While the foregoing three steps appear to be straightforward, there are various ways in which a potential issue may arise and therefore result in a finding of improper cancellation. The New Jersey Supreme Court has held that there needs to be strict compliance with the Statute in order for cancellation to be effective. Sroczynski v. Milek, 197 N.J. 36 (2008).
Consider an example of a policy issued to an employer for a policy period beginning on February 1, 2019 through February 1, 2020. During the policy period, the employer fails to make payments on the policy leading to a cancellation. The carrier sends a notice to the employer on July 1, 2019 stating the following:
“We hereby notify you that the policy identified above will be cancelled effective 12:01 a.m. July 30, 2019 in accordance with the cancellation condition of the policy and that all liability of the Company under such policy will cease at that time. Premium adjustment will be made to the date of cancellation and statement rendered. The reason for this action is: Nonpayment of Premium.”
With respect to the first step in cancelling a policy, a notice needs to be generated by the carrier and sent to the employer with at least 10 days’ notice of the date of the cancellation. So far, our cancellation example appears to comply with subsection (a) of the Statute as the notice is sent on July 1, 2019 and gives more than 10 days’ notice.
Subsection (a) of the Statute also states that this notice must be sent by “registered mail.” The Statute does not define “registered mail.” In practice, the carrier should send the notice to the employer by certified mail. The carrier should retain any and all transmittal information with the USPS regarding sending of the notice of cancellation as these documentary proofs are vital in the carrier’s Motion to Strike Carrier for Lack of Coverage.

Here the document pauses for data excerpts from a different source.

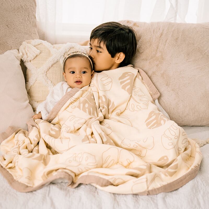 バンブーモスリンを8枚重ねて作られたベビーブランケットは、肌寒さからベビーを守ってくれる最適なアイテムです。
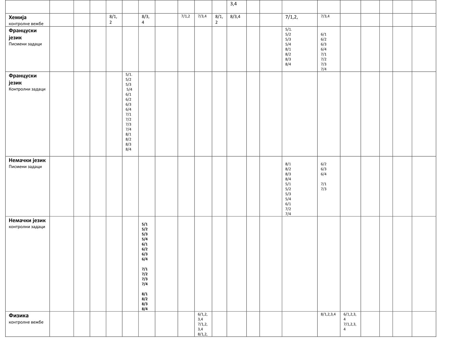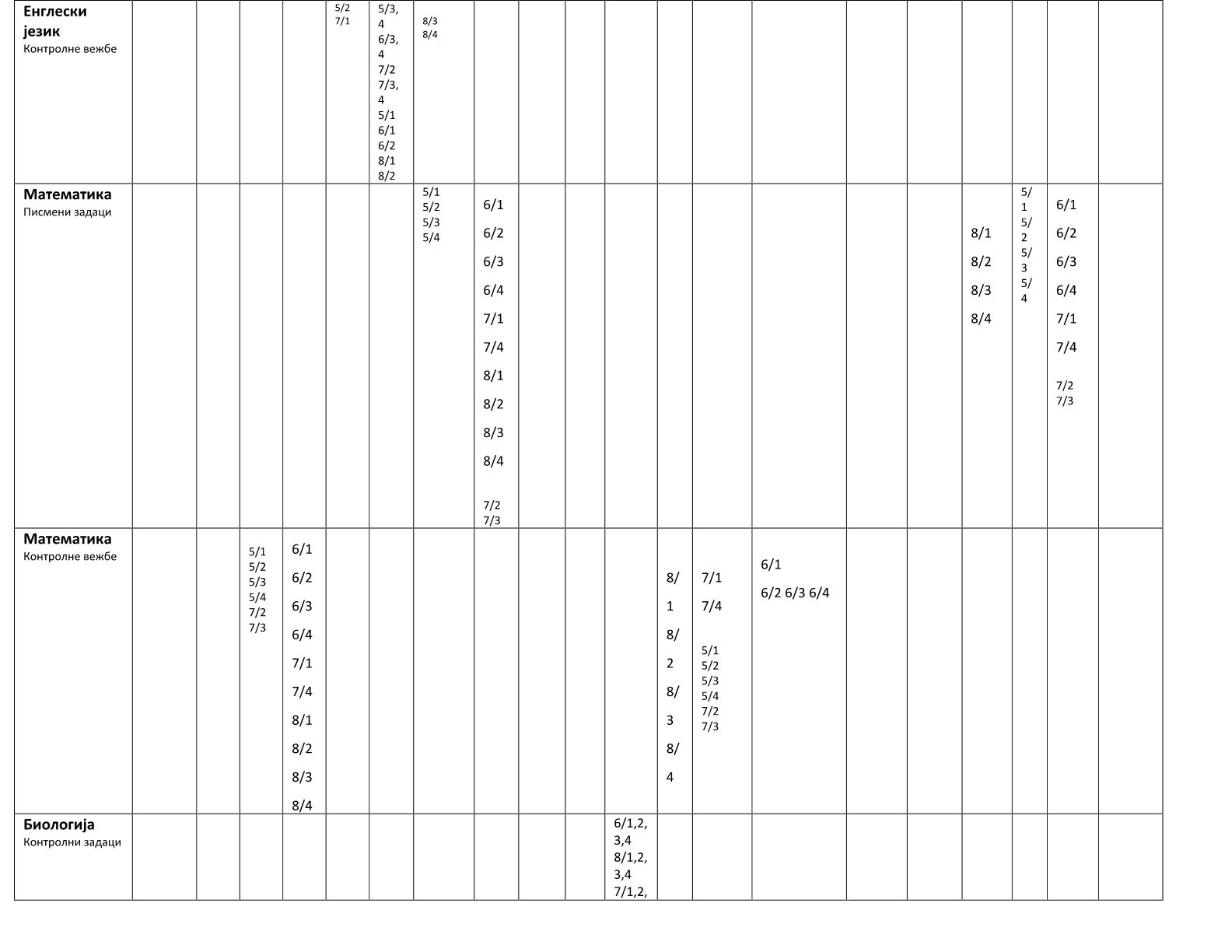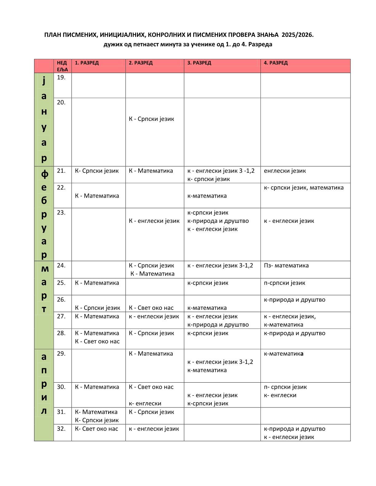 Распоред писмених задатака и контролних вежби за  друго полугодиште 2025 / 2026. школске године
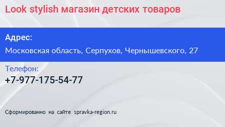Look stylish, магазин детских товаров по адресу Московская область, Серпухов, Чернышевского, 27 в дальнейшем Организация, размещена в следующих категориях:
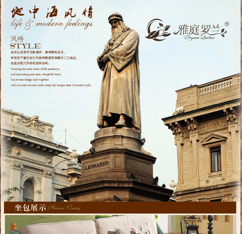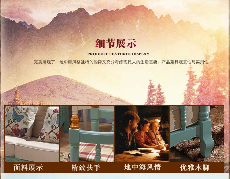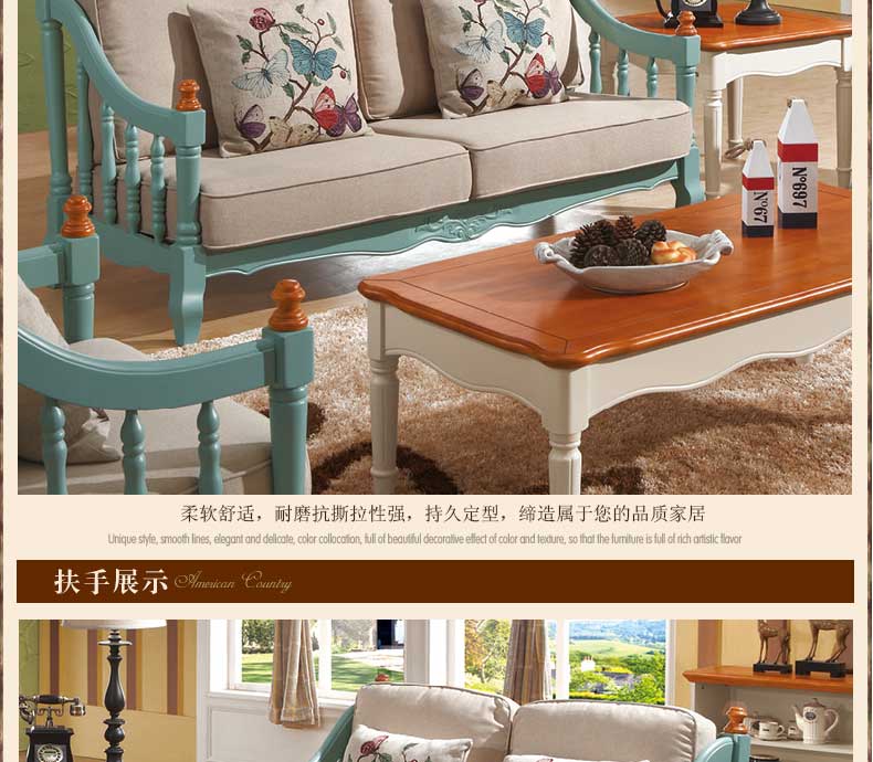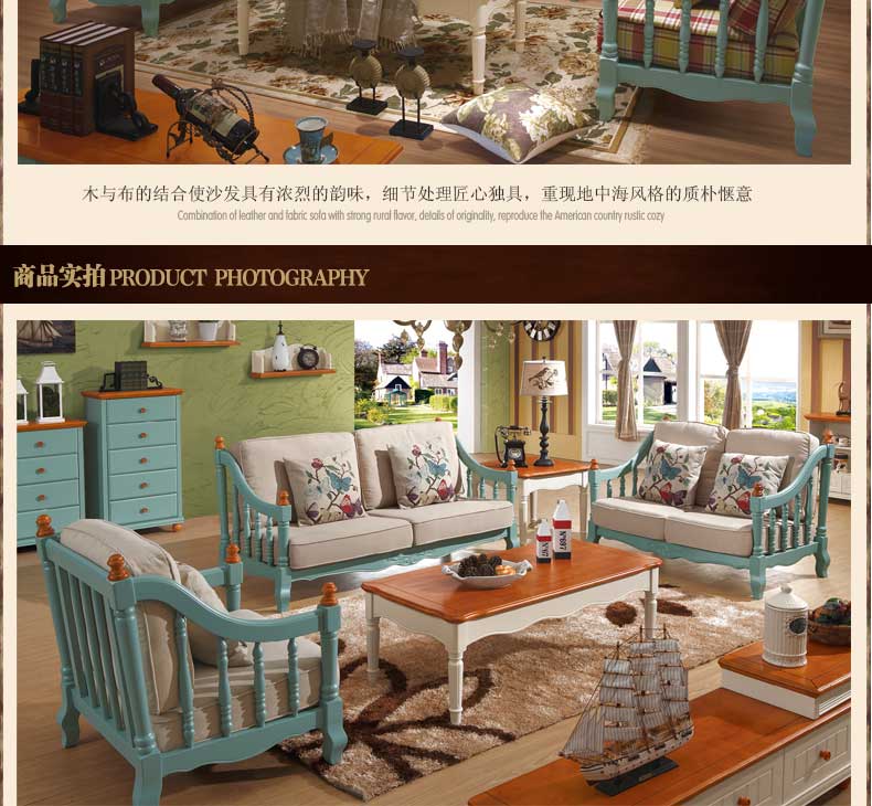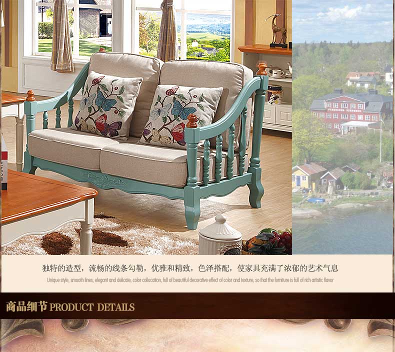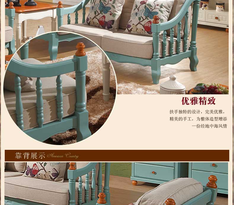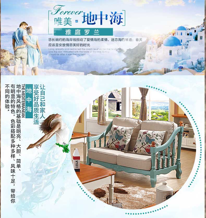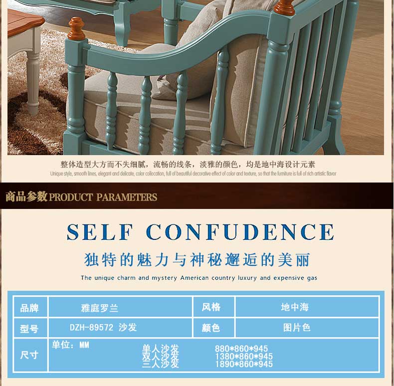 雅庭罗兰地中海布艺沙发小户型田园乡村沙发组合DZH-89572 沙发

The sending of the notice of the cancellation to the employer is not the end of the journey for the carrier. The carrier must also submit a “like notice” to the office of the Commissioner of Banking and Insurance. The Statute does not require “exact same notice,” but rather states “like notice.” The Commissioner of Banking and Insurance in New Jersey has designated the Compensation Rating and Inspection Bureau (CRIB) as the entity to receive the like notice.
CRIB requires that the like notice be submitted electronically and has provided a reference form to be used by carriers for the submittal of like notice.
You can download the above form and note that at the bottom of the submittal there is a certification for which the carrier must provide a signatory. The certification is required in the like notice submittal to CRIB. Subsection (b) of the Statute has two clauses which must be adhered to in order for the cancellation to be effective. The first is that the like notice is filed with CRIB, the second is a certified statement must be provided by the carrier that the employer was provided notice in accordance with subsection (a), i.e., that the employer was provided notice of the election to terminate via registered (‘certified’) mail with at least 10 days’ notice. These steps are required.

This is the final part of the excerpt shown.